Your instructions: The expected result is an exact copy of the lines from the one holding "RAW Coco Cookies" to the last line of the material, with pictures removed and nothing added.

Collected material:
⁂
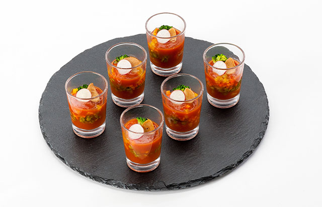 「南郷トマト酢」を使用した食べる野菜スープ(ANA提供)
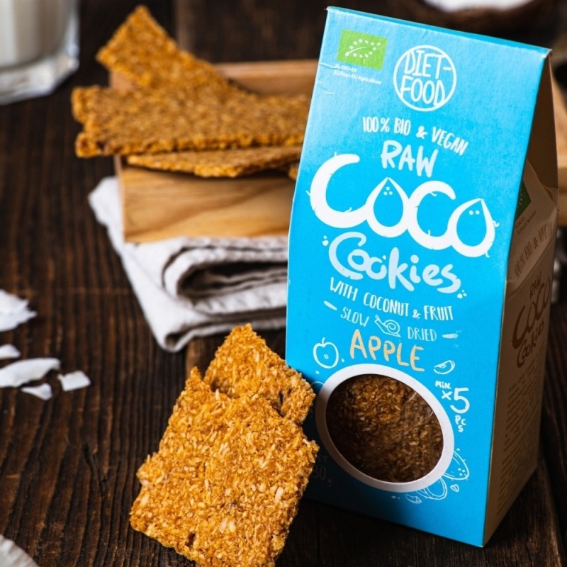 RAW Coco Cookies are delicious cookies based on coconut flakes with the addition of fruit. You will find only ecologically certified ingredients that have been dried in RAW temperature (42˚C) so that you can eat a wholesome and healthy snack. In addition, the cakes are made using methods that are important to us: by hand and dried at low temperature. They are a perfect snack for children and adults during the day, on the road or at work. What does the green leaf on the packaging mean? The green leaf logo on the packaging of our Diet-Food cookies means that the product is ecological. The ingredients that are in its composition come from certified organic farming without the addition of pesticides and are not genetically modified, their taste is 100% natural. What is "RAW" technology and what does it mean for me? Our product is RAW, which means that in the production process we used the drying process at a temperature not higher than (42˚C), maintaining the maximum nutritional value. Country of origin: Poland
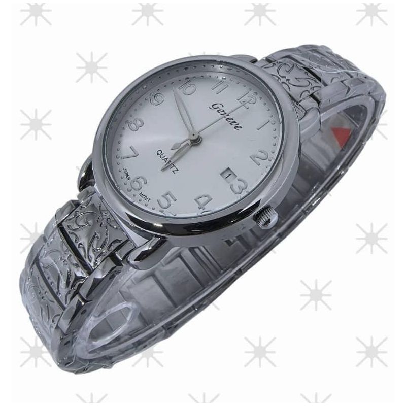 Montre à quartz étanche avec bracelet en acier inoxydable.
⁂
Response box:
 RAW Coco Cookies are delicious cookies based on coconut flakes with the addition of fruit. You will find only ecologically certified ingredients that have been dried in RAW temperature (42˚C) so that you can eat a wholesome and healthy snack. In addition, the cakes are made using methods that are important to us: by hand and dried at low temperature. They are a perfect snack for children and adults during the day, on the road or at work. What does the green leaf on the packaging mean? The green leaf logo on the packaging of our Diet-Food cookies means that the product is ecological. The ingredients that are in its composition come from certified organic farming without the addition of pesticides and are not genetically modified, their taste is 100% natural. What is "RAW" technology and what does it mean for me? Our product is RAW, which means that in the production process we used the drying process at a temperature not higher than (42˚C), maintaining the maximum nutritional value. Country of origin: Poland
 Montre à quartz étanche avec bracelet en acier inoxydable.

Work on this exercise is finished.